In the body, you can have as many procedures and functions as you like. At the very least, it must
implement whatever’s in the spec. In this case, my package body only implements the one procedure
exposed in the spec:

CREATE OR REPLACE package body pkg_error is 

  procedure log (p_error_code errorlog.code%type,
                 p_error_message errorlog.message%type,
                 p_package errorlog.package_name%type default null,
                 p_procedure errorlog.procedure_name%type,
                 p_location errorlog.location%type default null,
                 p_parameters errorlog.parameters%type default null) is 

  pragma autonomous_transaction

   begin 

    insert
      into errorlog
           (time,
            code,
            message,
            package_name,
            procedure_name,
            location,
            parameters)
    values (sysdate,
            p_error_code,
            p_error_message,
            p_package,
            p_procedure,
            p_location,
            p_parameters);
    commit;
  end log; 

end pkg_error;

The pragma autonomous_transaction part is very important because you want the log method to be
able to commit the log data into the table, without also committing whatever changes have gone
on in the procedure that raised this error. That’s what this particular pragma does ? it tells
Oracle to treat this procedure as an atomic action that does not affect anything earlier in the call stack.

The last bit is of course incorporating this logging into your code. For example, say you’ve got
a simple little function, and whenever there’s an exception, you want to log that but not re-raise
the error. In other words, record but then let the app continue running. You might do something like this:

CREATE OR REPLACE FUNCTION hello_world RETURN VARCHAR2 IS
  v_procedure errorlog.procedure_name%TYPE default 'hello_world';
  v_location errorlog.location%TYPE;
BEGIN 

  v_location := 1000;
  return ('hello, world'); 

EXCEPTION 

  when others then
    pkg_error.log(p_error_code => substr(sqlerrm,1,9),
    p_error_message => substr(sqlerrm,12),
    p_package => 'FUNCTION',
    p_procedure => v_procedure,
    p_location => v_location); 

END;

Obviously, if this was inside a package, you’d create a package-level variable with the actual name
of your package and pass that to the p_package parameter instead of the string constant I used here.
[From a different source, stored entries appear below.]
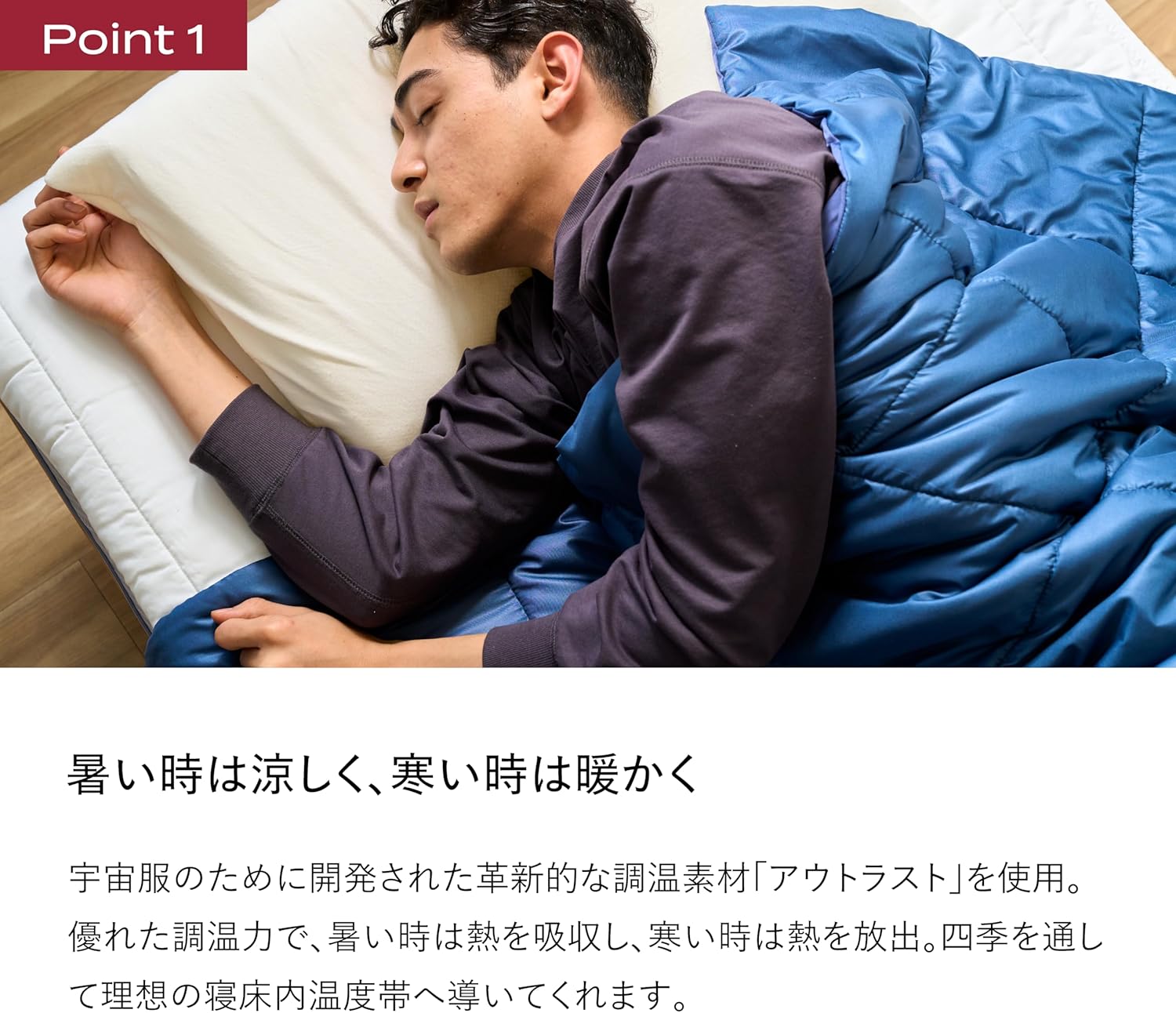 日本のように四季の寒暖差が大きく、梅雨時の湿気や夏の蒸し暑さ、冬の乾燥した寒さが繰り返される環境では、この自動調温・調湿機能が非常に有効に働き、季節ごとに寝具を変える必要なく、365 日安定した睡眠環境を提供してくれるのです。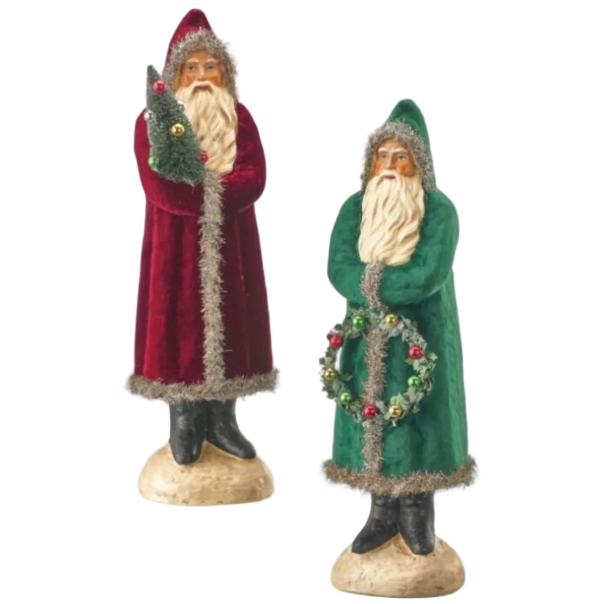 Decora tu hogar con encanto clásico gracias a este set de dos figuras Vintage Santa, elaboradas en piedra sintética (PStone) y diseñadas con un estilo tradicional que evoca la Navidad de épocas pasadas.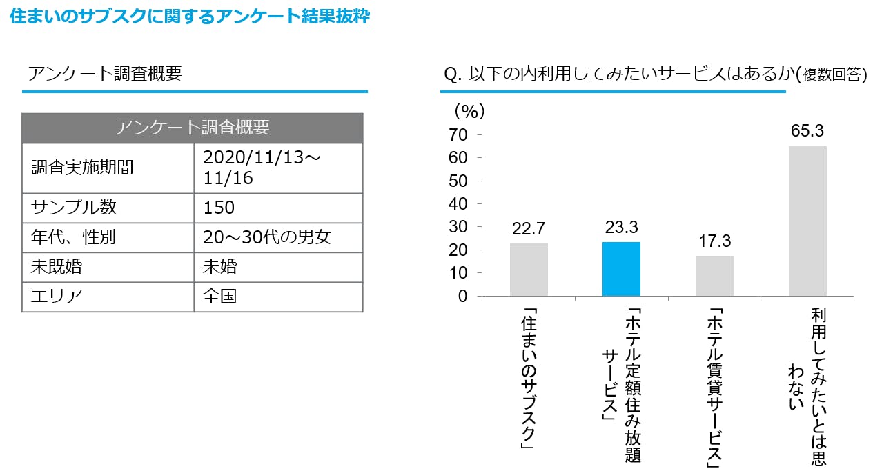 また、20代~30代にアンケートを実施した結果、5人に一人がホテル定額住み放題サービスを利用してみたいと回答しておりHotel Ryokan Lifeをきっかけにホテル暮らしや定期的にホテルや旅館で過ごす時間を増やしていただけたらと思っております。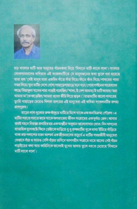 রাঢ় বাংলার মাটি আর মানুষের বাঁচনকথা নিয়ে 'যিখানে মাটি লালে লাল'। বাংলার লোকসাধারণের কবিতার এই সংকলনটিতে যে মানুষজনের কথা তুলে ধরা হয়েছে তারা হল 'সেই মানুষ যারা একদিন দাঁতে দাঁত দিয়ে/কাঁধে কাঁধ দিয়ে/পাথরের পারা গতর লিয়ে/বুনা মাটির দেশে দেশে/পাহাড়েপাহাড়ে/বনে বনে/গোরা পল্টনের সাহেবদের কাছে/ঝিঙাফুলা বাঘের পারা গাঙাই বলেছিল 'শালা, ই দেশ আমার/ই মাটি আমার/তরা আমার মা'কে কাড়েছিস/আমরা তদের জীউ লিয়ে ছাড়ব।' রাঙামাটির কালো পাথরের ডুংরি পাহাড়ের চেয়েও বিশাল হৃদয়ের এই মানুষেরা এই কবিতা সংকলনটির প্রণম্য প্রাণপুরুষ।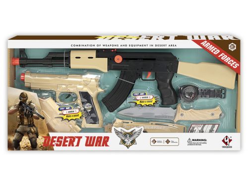 Fegyverezd fel magad, öltözz be igazi kommandósnak! A katonai fegyver és kiegészítő készlet egy gyalogsági lőfegyvert, pisztolyt, pisztolytáskát, kést, és órát tartalmaz, amit a sivatagi bevetésen a kommandós egységek használnak. A játékok műanyagból készültek, a fegyverekkel sarokba szoríthatod a bűnözőket! A sivatagi fegyver és kiegészítő készlet katonai jelmez kiegészítőként is használható. Tovább olvasom Bezár

That’s pretty much it. I’m not going to claim this is the best way to log errors in PL/SQL.
I’ve only been working in this thing a bit over a year, so I’m not an expert by any means.
But this kind of logging has made debugging my applications so much easier.
If something fails, I now have a record from all the procedures and functions that had problems,
so I can quickly track down the root cause.